Write out, word for word and with no pictures, each line below from the one containing "5G・6G用基板材料・部材の" through the one containing "Set tazzine caffè", both included, and no other line.
------ MATERIAL FOR THIS TASK
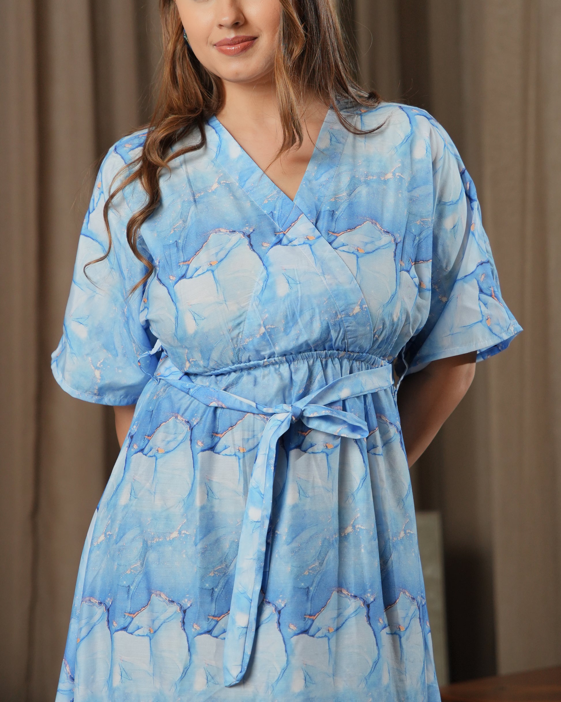 Elevate your style with this airy midi dress, crafted from soft, lightweight muslin fabric for ultimate comfort and drape. It features a striking sky blue and white abstract/marble print that adds a vibrant, contemporary look. The dress is designed with a flattering V-neckline, relaxed short dolman sleeves, and an elasticized waist with a matching fabric tie to define the figure. Finished with a flowy, tiered hem, this piece is a beautiful choice for summer events or chic everyday wear
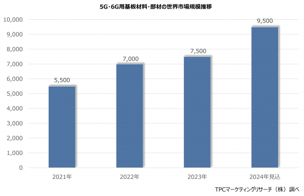 5G・6G用基板材料・部材の2023年世界市場規模は、前年比7.1%増の7,500億円程度となった。
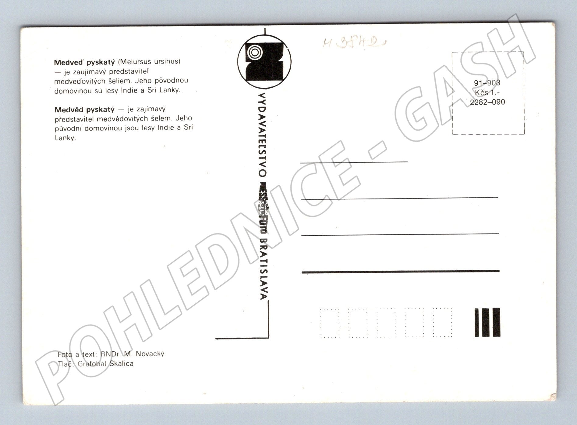 Nabízím originální pohlednici se zobrazením medvěda pyskatého (Melursus ursinus). Jedná se o zajímavého představitele medvědovitých šelem, jehož původní domovinou jsou lesy Indie a Srí Lanky. Pohlednice byla vydána vydavatelstvím Obzor Bratislava, autorem fotografie a textu je RNDr. M. Novacký, tisk Grafobal Skalica. Stav pohlednice viz foto, zachovalá, nepopsaná, vhodná do sbírky nebo jako dárek pro milovníky zvířat. Přibližný rok vydání první poloviny 90. let (viz označení 91-903).
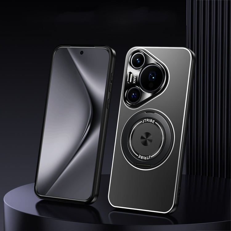 Funda de Metal Esmerilado con Soporte Giratorio para Huawei Pura 70 Pro+ (Negra)
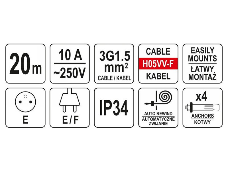 | Max. load (cable fully unrolled) | 3000 W |
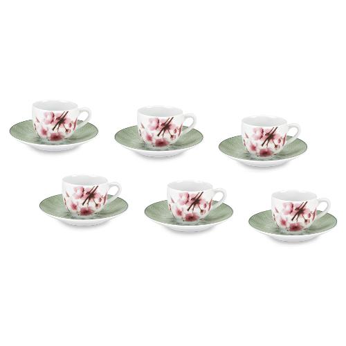 Set tazzine caffè porcellana con piatto 6 pz (100ml) SPRING Rosa e Verde 59135
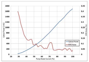 左圖, Ventus 532 藍線為輸出功率, 紅線為RMS 噪聲隨二極體泵浦源驅動電流的變化圖
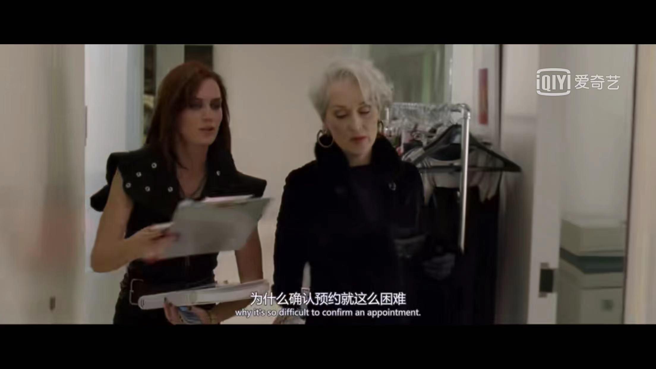 片名“女魔头”或者“女王”,就是给人工作狂,对工作非常挑剔的形象,影片米兰达这种形象的塑造并没有通过一通大吵大闹来完成,这开片3分多钟的时间就塑造了一个在公司拥有绝对话语权,同事们对她敬重又胆怯的形象,助理艾米莉对安迪所说她上一任助理因为得罪了米兰达,现在只能做电视购物,了了几句话就表明了米兰达在行业中的绝对地位。
------------
▶ _SOLUTION FOR THIS TASK_
 5G・6G用基板材料・部材の2023年世界市場規模は、前年比7.1%増の7,500億円程度となった。
 Nabízím originální pohlednici se zobrazením medvěda pyskatého (Melursus ursinus). Jedná se o zajímavého představitele medvědovitých šelem, jehož původní domovinou jsou lesy Indie a Srí Lanky. Pohlednice byla vydána vydavatelstvím Obzor Bratislava, autorem fotografie a textu je RNDr. M. Novacký, tisk Grafobal Skalica. Stav pohlednice viz foto, zachovalá, nepopsaná, vhodná do sbírky nebo jako dárek pro milovníky zvířat. Přibližný rok vydání první poloviny 90. let (viz označení 91-903).
 Funda de Metal Esmerilado con Soporte Giratorio para Huawei Pura 70 Pro+ (Negra)
 | Max. load (cable fully unrolled) | 3000 W |
 Set tazzine caffè porcellana con piatto 6 pz (100ml) SPRING Rosa e Verde 59135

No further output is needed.